Have you ever walked through an open office space and not been greeted by a single person? How about being in a meeting when it’s clear that people are “side-chatting” over text? Maybe you’ve even side-chatted yourself? What about hearing the same generic critical feedback tossed out in group settings over a period of months and suddenly realizing the person is referring to you?
Culture isn’t built by slogans or slide decks. It’s built in motion—tiny behaviors that signal belonging or exclusion.
I’ve had so many clients who’ve shared variations on a theme of the environment described above. The leader who always asks, “Anything to add?” but never actually pauses long enough for a response. Someone who made a joke that subtly dismissed a concern—and how that single moment resulted in concerns not being raised. The difficult interaction on a Zoom meeting that was handled by shutting down the chat feature for future meetings rather than handling the specific issue directly.

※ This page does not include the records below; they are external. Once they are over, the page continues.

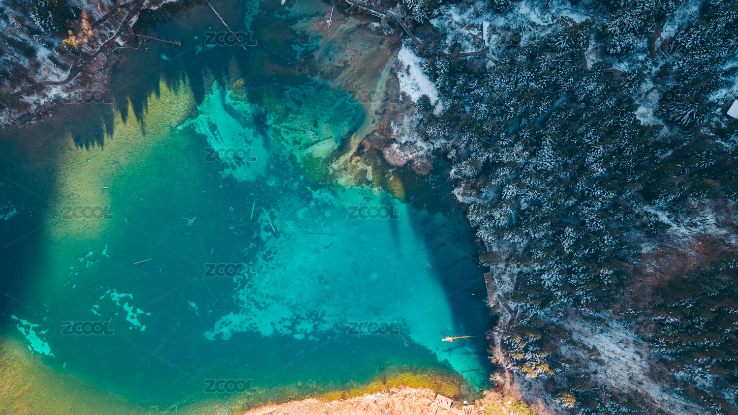 雪地中的蓝绿色河流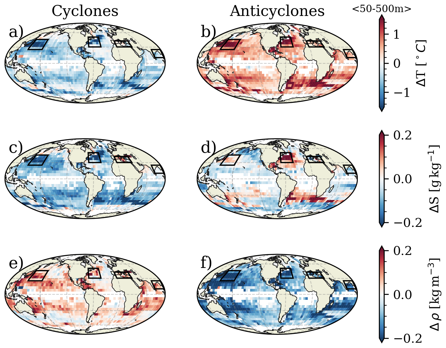 Figure 6Global distributions of anomalies in conservative temperature (°C, panels (a) and (b)), absolute salinity (g kg−1, (g), (c) and (d)), and potential density (kg m−3, (e) and (f)) within cyclones (a, c, e) and anticyclones (b, d, f). The anomalies correspond to median profiles computed within 5×5° boxes subsequently averaged between depths of 50 and 500 m. The black solid lines indicate the regions where the vertical distribution of properties was analyzed. Boxes with less than 10 profiles are masked.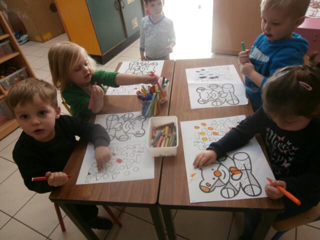 Kijken naar de foto's en de juiste kleur gebruiken voor de voertuigen.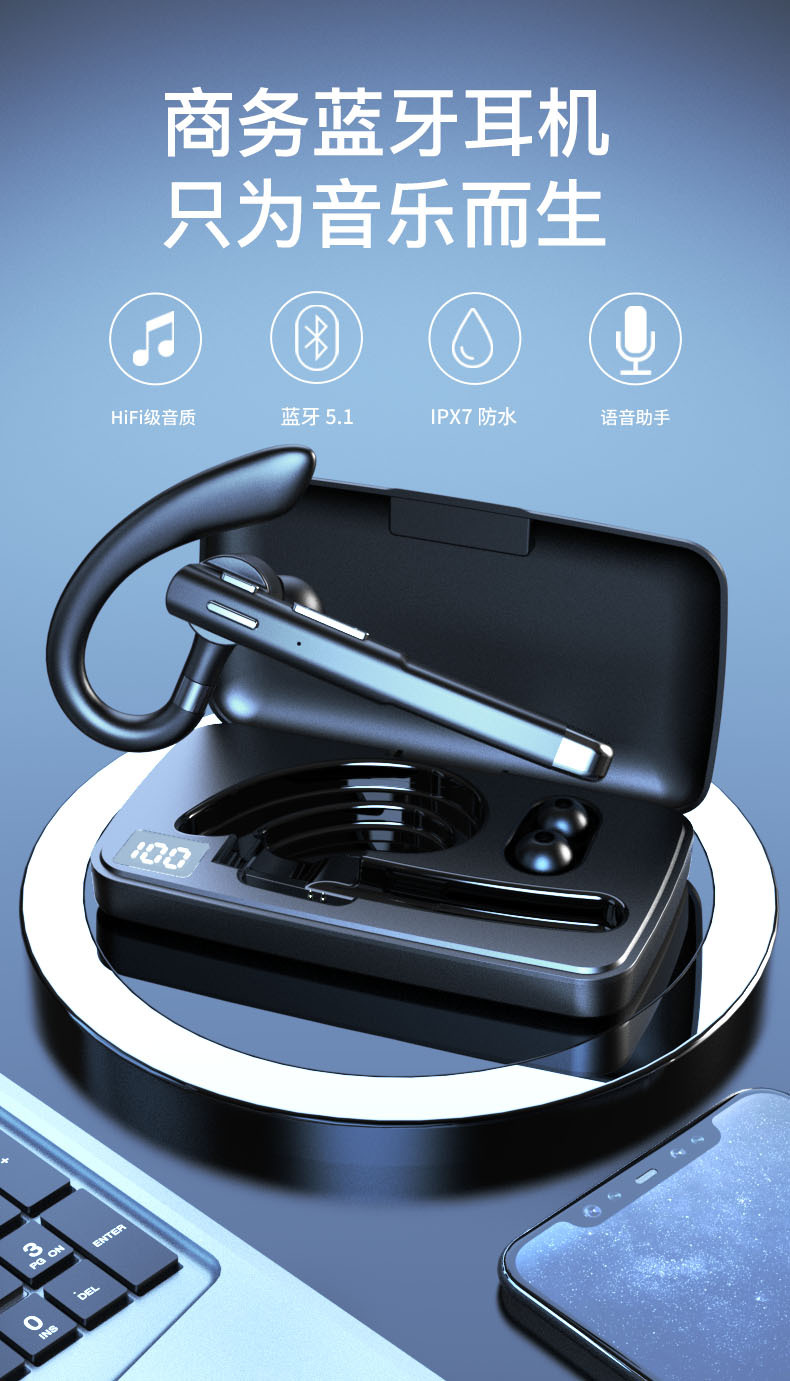 跨境Ai翻译私模商务无线蓝牙耳机YYK520入耳式挂耳式蓝牙耳机批发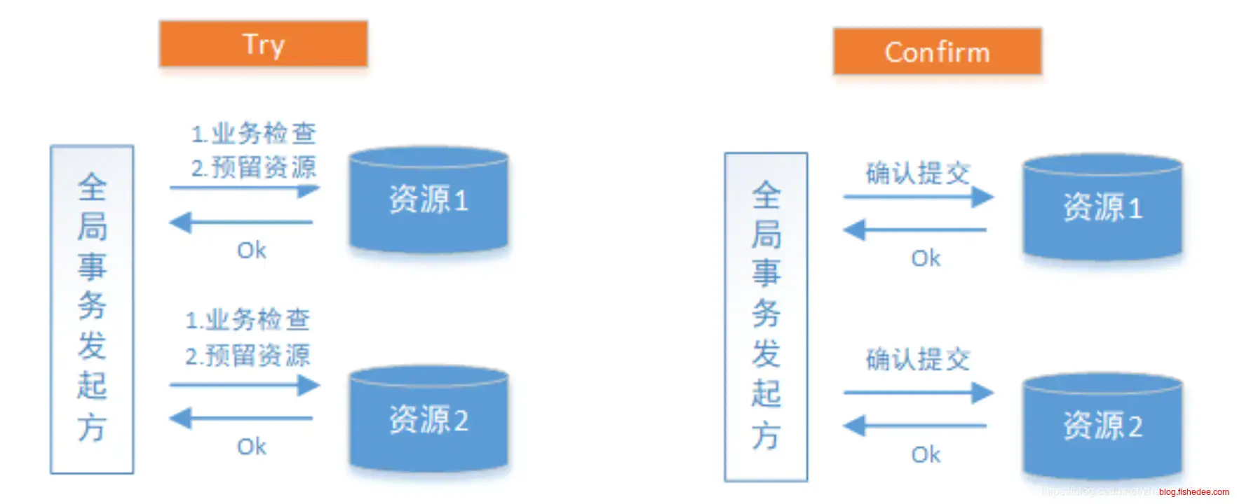 TCC模式需要由业务方提供,Try/Confirm/Cancel的三个业务方法。Saga模式只需要由业务方提供,Normal(一阶段正向服务)/Compensate(二阶段补偿服务)的方法,它的想法相当直观,就是以顺序链的方式依次执行每个本地事务,如果其中一个失败的话,就反向补偿前面已经成功的业务。

You don’t need a culture survey to know when something’s off. You can feel it in a meeting by the lack of participation. You can hear it in the silence after a leader speaks. You can sense it in the way people enter or exit a room.
And in the same way that toxic culture is made in moments, so is healthy culture.
Healthy culture isn’t what’s on the wall. It’s what’s in motion. The consistent, small behaviors that tell people:
→ You’re safe here
→ Your voice matters
→ We are paying attention
When you treat culture as kinetic, you realize: You don’t need a full re-org to start building trust. You need consistent micro-movements in the right direction.
Culture is hard to change at an organizational level. But there is something we can do as individuals and as leaders. Let’s start to drop in micro-moments that shift the culture in a positive direction.
What’s one small behavior you’ve witnessed—or modeled—that changed how a team felt? What’s one you want to try this week?